The Adding Machine (1969)

The Adding MachineIt is always disappointing when a film you’ve longed to see turns out to be neither exceptional or awful. Were it the other case, in either direction, a reaction is achieved. This particular film simply left me.

The Adding Machine was high on my must-see list. It’s story of Mr. Zero, a life long accountant, replaced by an adding machine and driven to violence through frustration is a pertinent today as it was in 1932 when Elmer Rice wrote the play upon which this film is based. The stories weightier concepts begin when its main character is sentenced to death and awakes in a utopia known as The Elysian Fields. If this is heaven it is not what Mr. Zero expected. Told his soul is as useless here as his physical body was on Earth Mr. Zero continues to wonder just what life (and after-life) is all about.  These introspective concepts set against a dreamlike backdrop all make for an interesting premise ripe with potential. So why is this film not amazing? Why is it simply droll?

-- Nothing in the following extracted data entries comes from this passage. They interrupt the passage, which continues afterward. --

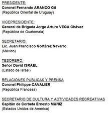 Crnel Wang Yong (Corea del Sur), Juan Francisco Gortarez (Mexico), TCor William Hogan (EEUU), Cap.N. John Pestovic (EEUU), Crnel Philipe Cavalier (Francia), Crnel Carlos Bustos (España), Sra. Malena de Avilez, Sra. Vanessa de Castellanos, Sra. Nicolle Antonelli, Sra. Shelly Burgoin y Sra. Marianella de Flores.
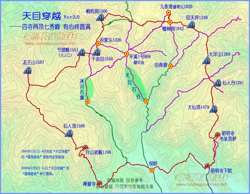 行程:农家—(4km/2h)—6仰天坪(1248米)—(3.5km/2h)—7大仙顶(1484米)—(6km/3h)—接驳点—上海,共计13.5公里
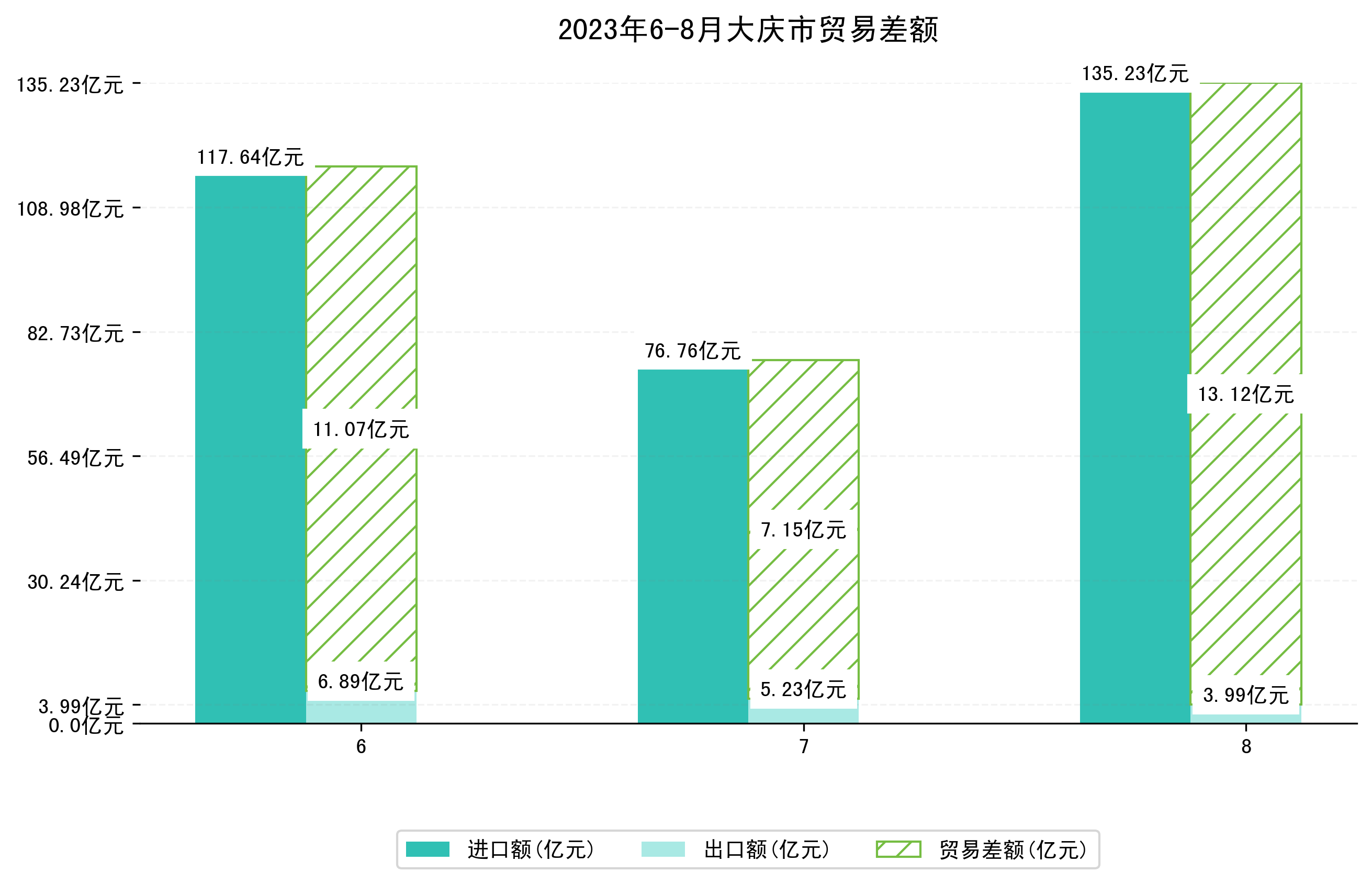 2023年8月大庆市进出口总额及进出口差额统计分析
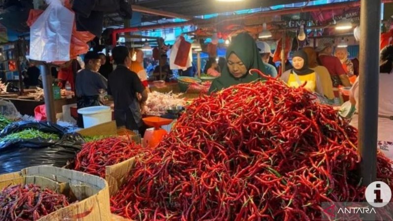 Komoditas cabai merah menjadi salah satu bahan pangan yang kerap mengalami kenaikan menjelang lebaran, Minggu (23/3/2025). (ANTARA/Tuyani)
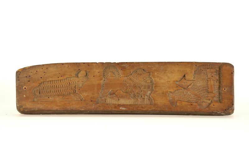 - Beschrijvingvoorkant: 1. karnster 2. marskramer 3. reiskoets met koetsier achterkant: 1. liggende koe 2. hond met mand 3. Lam Gods

Perhaps, I put this film too high on my list. Perhaps hype overshadowed the small beauty of this film. However, on first viewing, Elmer Rice’s 1932 play does not transition well to the big screen. The visual possibilities of cinema seem hardly explored and most of the film feels shackled to the small scope settings of a theatrical production. Even if this play is more about big ideas and little care is spent on setting, the ideas, as presented by this cast do not spring to life. Even in a play that toys with ideas of banality and meaninglessness there needs to be more than a mere pulse.

And yet, having written all of this I don’t feel I’ve given the film as fare a shake as it deserves. Scenes and concepts from this film linger in my mind. While I’m well past enjoying the film, I’m not quite done thinking about it. Like Mr. Zero’s confusion over what he find in The Elysian Fields, I too may simply have found something I did not expect to find. Surely, I will have to revisit The Adding Machine another day.